-
Notifications
You must be signed in to change notification settings - Fork 483
How we use RocksDB in Kvrocks
Kvrocks is an open-source key-value database that is based on rocksdb and compatible with Redis protocol. Intention to decrease the cost of memory and increase the capability while compared to Redis. We would focus on how we use RocksDB features to improve the performance of the Redis on disk. Hopes this helps people who want to improve performance on RocksDB.
Let’s have a look at how Kvrocks uses the RocksDB before introducing performance optimization. From the implementation side, Kvrocks would encode the Redis data structure into the key-values and write them into the different RocksDB’s column families. There’s five column family type in Kvrocks:
- Metadata Column Family: used to store the metadata(expired, size..) for complex data structures like Hash/Set/ZSet/List, also string key-value was stored in this column family
- Subkey Column Family: used to store key-values for complex data structures were mentioned before
- ZSetScore Column Family: only store the score of the sorted set
- PubSub Column Family: used to store and propagate pubsub messages between the master and replicas
- Propagated Column Family: used to propagate commands between the master and replicas
Also, Kvrocks uses the RocksDB WAL to implement the replication, for more detail can see:
- Kvrocks: An Open-Source Distributed Disk Key-Value Storage With Redis Protocol
- How to implement the Redis data structures on RocksDB
We can have a glance at the Kvrocks architecture from 10,000 feet view:
Currently, Kvrocks was using the SkipList Memtable.

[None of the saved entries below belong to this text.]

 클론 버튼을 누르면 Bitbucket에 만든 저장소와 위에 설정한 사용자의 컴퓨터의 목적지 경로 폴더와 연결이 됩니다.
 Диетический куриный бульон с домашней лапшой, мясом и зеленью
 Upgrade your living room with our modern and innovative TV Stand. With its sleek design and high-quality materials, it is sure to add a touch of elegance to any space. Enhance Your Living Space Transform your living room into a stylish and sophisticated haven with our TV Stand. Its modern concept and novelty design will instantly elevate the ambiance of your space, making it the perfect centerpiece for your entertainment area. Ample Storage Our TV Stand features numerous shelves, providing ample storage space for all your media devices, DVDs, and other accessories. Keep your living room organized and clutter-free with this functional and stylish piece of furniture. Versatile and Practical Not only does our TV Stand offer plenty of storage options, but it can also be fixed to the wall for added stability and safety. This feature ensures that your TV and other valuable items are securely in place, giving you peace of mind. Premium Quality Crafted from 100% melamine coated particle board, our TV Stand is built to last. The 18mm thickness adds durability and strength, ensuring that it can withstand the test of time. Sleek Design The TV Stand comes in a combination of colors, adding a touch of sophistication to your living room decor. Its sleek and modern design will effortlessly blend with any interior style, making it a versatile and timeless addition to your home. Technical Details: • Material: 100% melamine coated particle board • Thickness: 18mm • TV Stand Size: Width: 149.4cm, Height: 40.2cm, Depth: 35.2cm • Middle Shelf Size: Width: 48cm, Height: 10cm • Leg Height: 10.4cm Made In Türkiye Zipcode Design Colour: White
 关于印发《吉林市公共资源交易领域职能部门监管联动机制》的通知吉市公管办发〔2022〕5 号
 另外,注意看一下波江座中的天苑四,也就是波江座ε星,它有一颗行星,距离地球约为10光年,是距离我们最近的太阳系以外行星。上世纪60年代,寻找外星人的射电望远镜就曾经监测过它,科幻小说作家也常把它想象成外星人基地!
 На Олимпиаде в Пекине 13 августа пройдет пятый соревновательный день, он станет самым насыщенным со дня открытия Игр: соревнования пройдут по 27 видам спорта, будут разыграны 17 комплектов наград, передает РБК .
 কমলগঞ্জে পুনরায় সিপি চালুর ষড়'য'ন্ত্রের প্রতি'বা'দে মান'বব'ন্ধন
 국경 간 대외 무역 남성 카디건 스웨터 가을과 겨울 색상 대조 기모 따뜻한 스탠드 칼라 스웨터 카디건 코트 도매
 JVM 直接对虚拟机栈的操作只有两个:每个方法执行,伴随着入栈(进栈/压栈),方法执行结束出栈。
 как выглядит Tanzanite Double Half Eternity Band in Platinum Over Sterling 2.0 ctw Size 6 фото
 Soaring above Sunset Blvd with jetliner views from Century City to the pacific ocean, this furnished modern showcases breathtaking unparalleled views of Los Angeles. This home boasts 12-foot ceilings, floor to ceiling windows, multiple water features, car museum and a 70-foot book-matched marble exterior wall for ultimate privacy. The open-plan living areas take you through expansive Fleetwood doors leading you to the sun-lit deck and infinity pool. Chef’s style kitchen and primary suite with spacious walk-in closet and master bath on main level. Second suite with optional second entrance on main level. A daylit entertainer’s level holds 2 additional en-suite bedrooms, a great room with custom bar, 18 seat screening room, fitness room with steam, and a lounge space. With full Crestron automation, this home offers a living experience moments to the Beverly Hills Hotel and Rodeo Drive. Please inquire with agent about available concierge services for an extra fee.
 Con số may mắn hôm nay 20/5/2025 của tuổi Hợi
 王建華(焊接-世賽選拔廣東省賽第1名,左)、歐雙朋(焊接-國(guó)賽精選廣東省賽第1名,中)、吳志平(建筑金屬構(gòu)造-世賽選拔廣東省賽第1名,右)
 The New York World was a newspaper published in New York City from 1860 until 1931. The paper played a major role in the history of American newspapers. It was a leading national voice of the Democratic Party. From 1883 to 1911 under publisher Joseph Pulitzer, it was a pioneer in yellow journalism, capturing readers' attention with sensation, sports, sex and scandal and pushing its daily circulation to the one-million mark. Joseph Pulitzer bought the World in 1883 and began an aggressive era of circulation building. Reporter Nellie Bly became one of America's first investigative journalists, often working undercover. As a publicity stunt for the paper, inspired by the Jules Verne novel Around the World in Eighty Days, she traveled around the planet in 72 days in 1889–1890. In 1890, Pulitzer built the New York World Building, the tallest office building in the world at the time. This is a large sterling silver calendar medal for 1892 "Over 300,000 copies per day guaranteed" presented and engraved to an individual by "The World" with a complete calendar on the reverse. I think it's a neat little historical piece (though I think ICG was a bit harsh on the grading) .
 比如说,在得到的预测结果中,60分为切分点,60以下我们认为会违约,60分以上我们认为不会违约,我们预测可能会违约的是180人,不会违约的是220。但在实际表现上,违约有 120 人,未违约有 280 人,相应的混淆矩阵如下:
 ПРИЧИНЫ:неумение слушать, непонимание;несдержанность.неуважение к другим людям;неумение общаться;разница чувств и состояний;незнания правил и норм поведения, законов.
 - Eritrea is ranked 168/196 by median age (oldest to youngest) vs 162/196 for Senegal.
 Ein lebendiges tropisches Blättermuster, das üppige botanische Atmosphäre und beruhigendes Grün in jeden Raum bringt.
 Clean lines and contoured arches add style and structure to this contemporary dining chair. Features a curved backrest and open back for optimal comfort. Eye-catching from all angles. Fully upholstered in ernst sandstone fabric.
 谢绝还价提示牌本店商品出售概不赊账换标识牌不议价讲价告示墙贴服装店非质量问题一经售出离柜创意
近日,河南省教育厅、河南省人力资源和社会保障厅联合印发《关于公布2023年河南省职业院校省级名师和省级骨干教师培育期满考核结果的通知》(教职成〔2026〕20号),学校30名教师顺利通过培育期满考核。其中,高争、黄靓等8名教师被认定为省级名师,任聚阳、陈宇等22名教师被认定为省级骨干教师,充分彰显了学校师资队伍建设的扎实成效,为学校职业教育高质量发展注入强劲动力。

Compared with the HashSkipList Memtable, it has better performance when searching across multiple prefixes and uses less memory. Kvrocks also enabled the whole_key_filtering the option which would create a bloom filter for the key in the memtble, it can reduce the number of comparisons, thereby reducing the CPU usage during point query. Related configuration:
metadata_opts.memtable_whole_key_filtering = true
metadata_opts.memtable_prefix_bloom_size_ratio = 0.1
Previously, Kvrocks used binary search when searching the data block, which may cause CPU cache miss and increase the CPU usage. As the point query was the most used scenario in the key-value service, so Kvrocks switched to the hash index to reduce the binary search comparisons. Official test data shows that this feature can reduce CPU utilization by 21.8% and increase throughput by 10%, but it will increase space usage by 4.6%. Compared with disk resources, CPU resources are more expensive. Under the trade-off, Kvrocks chose to enable the Hash index to improve the efficiency of point queries.
Related configuration:
BlockBasedTableOptions::data_block_index_type = DataBlockIndexType::kDataBlockBinaryAndHash
BlockBasedTableOptions::data_block_hash_table_util_ratio = 0.75
The old version of RocksDB used Bloom Filter of BlockBasedFilter type by default. The basic mechanism is to generate a Filter for every 2KB of Key-Value data, and finally form a Filter array. When searching, first check the Index Block, and for the Data Block that may have the Key, then use the corresponding Filter Block to determine whether the key exists or not.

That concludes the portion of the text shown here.